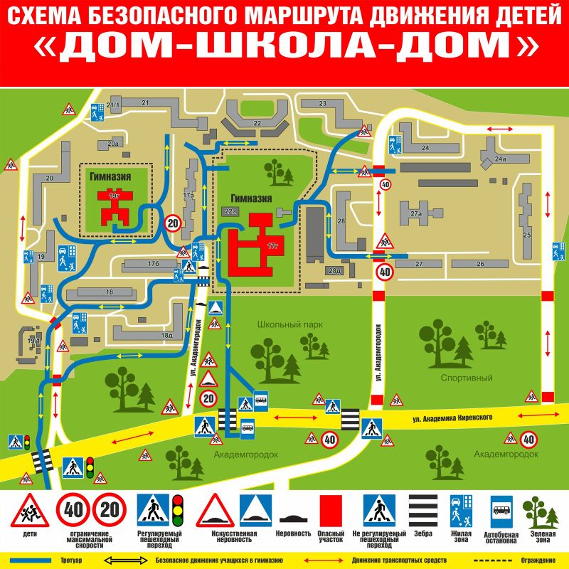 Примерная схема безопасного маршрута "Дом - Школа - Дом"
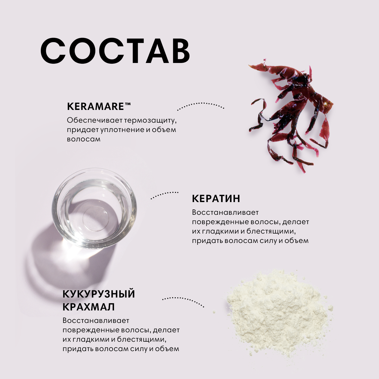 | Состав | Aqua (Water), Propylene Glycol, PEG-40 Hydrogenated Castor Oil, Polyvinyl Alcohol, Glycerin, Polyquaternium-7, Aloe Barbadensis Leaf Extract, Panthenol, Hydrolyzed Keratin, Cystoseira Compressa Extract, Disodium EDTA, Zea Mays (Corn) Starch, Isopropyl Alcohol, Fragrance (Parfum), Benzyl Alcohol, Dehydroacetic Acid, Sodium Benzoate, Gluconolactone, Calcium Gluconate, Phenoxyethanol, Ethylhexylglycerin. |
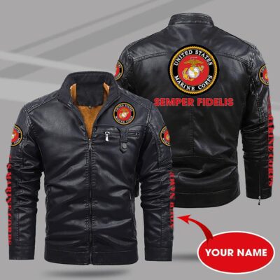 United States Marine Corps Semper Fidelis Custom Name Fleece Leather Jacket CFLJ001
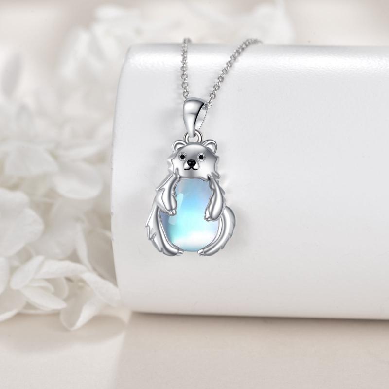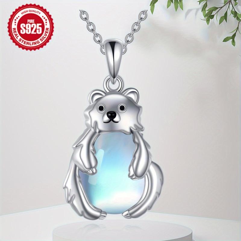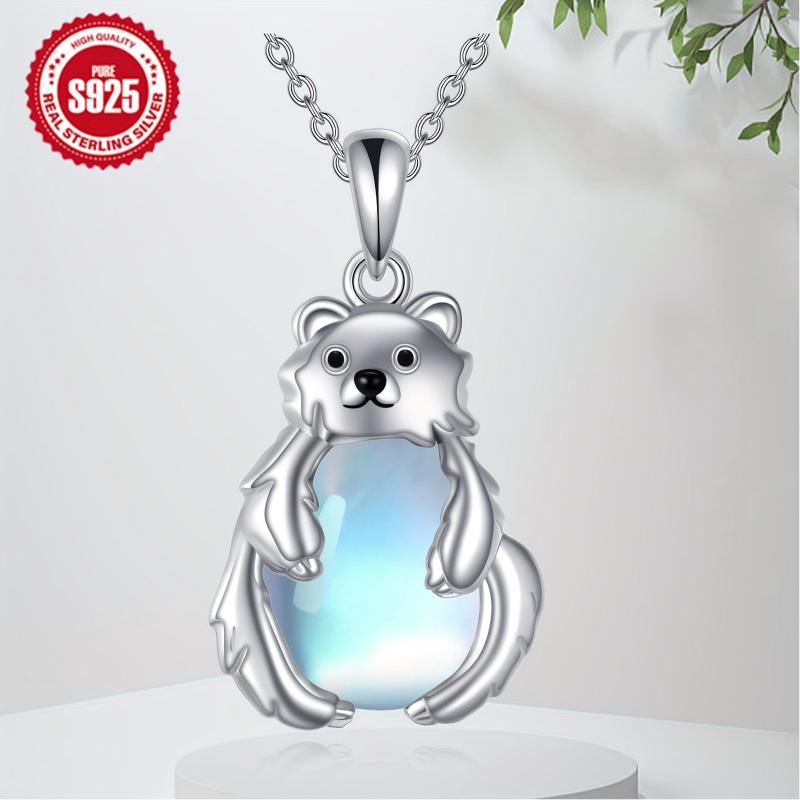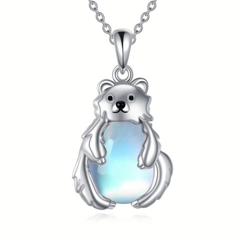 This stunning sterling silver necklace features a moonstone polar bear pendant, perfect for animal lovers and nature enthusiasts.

---

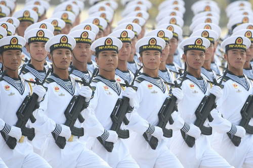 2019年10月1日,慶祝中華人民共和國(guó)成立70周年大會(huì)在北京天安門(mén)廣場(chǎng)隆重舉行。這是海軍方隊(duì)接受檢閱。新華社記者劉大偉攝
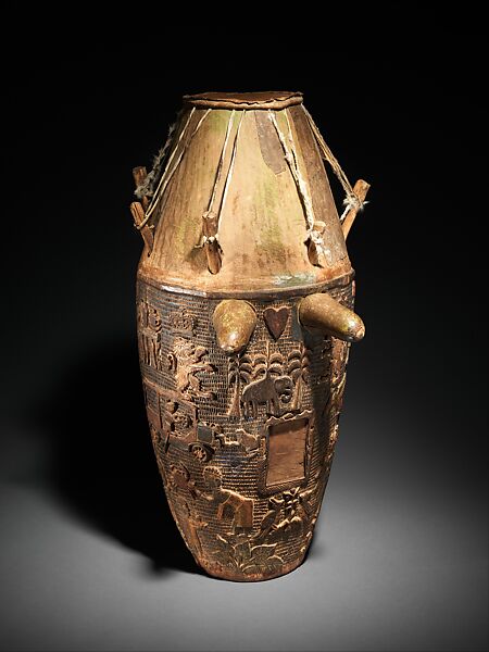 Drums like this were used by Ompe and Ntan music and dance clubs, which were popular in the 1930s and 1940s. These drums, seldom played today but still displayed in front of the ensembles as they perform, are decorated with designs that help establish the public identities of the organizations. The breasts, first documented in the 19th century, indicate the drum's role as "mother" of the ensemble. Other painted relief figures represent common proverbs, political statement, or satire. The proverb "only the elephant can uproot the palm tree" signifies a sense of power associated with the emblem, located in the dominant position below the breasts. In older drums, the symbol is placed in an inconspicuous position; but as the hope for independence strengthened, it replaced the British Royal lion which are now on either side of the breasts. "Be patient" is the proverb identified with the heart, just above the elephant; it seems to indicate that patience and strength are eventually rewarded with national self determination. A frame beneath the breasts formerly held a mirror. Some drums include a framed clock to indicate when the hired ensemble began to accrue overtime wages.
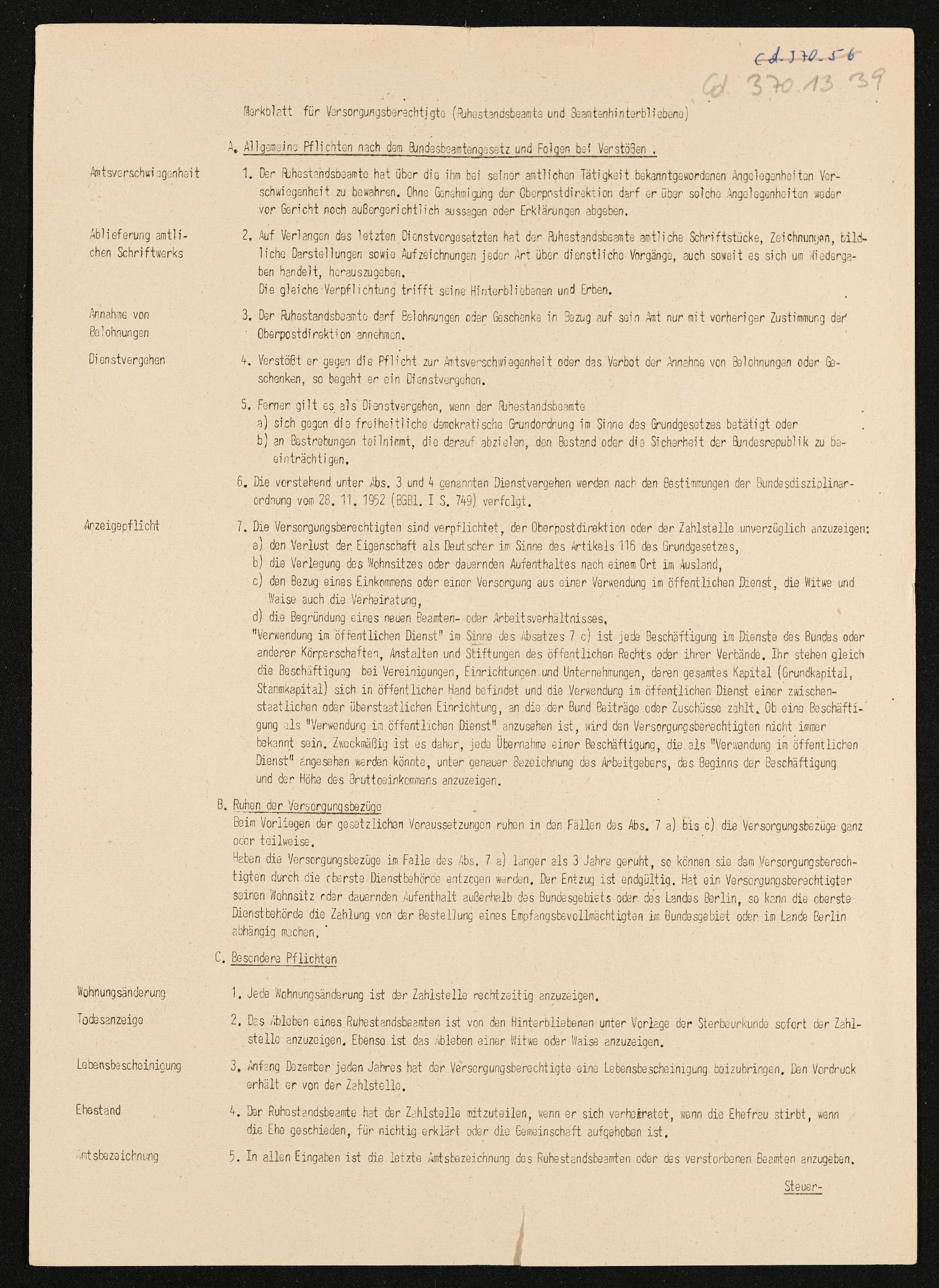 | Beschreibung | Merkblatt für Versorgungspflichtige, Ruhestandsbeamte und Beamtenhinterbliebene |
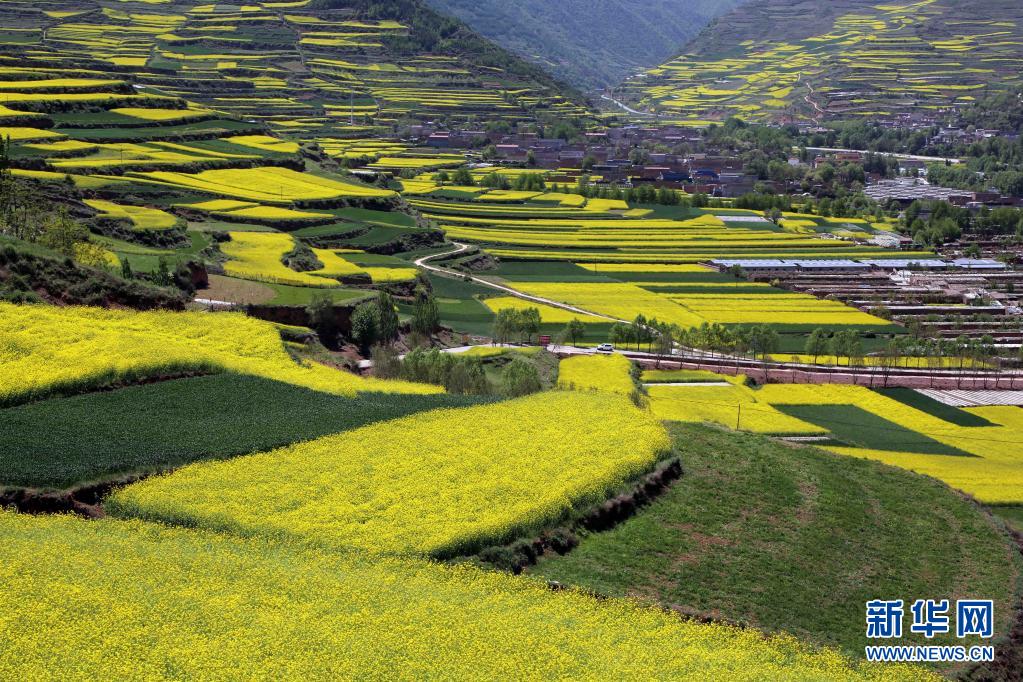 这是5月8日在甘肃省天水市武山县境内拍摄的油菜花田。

* _Problem details_
The stretch above running from the line with "Phenoxyethanol, Ethylhexylglycerin. |" through the line with "This stunning sterling" is all you should copy, exactly, leaving out the pictures.

* _Exercise answer_
 | Состав | Aqua (Water), Propylene Glycol, PEG-40 Hydrogenated Castor Oil, Polyvinyl Alcohol, Glycerin, Polyquaternium-7, Aloe Barbadensis Leaf Extract, Panthenol, Hydrolyzed Keratin, Cystoseira Compressa Extract, Disodium EDTA, Zea Mays (Corn) Starch, Isopropyl Alcohol, Fragrance (Parfum), Benzyl Alcohol, Dehydroacetic Acid, Sodium Benzoate, Gluconolactone, Calcium Gluconate, Phenoxyethanol, Ethylhexylglycerin. |
 United States Marine Corps Semper Fidelis Custom Name Fleece Leather Jacket CFLJ001
 This stunning sterling silver necklace features a moonstone polar bear pendant, perfect for animal lovers and nature enthusiasts.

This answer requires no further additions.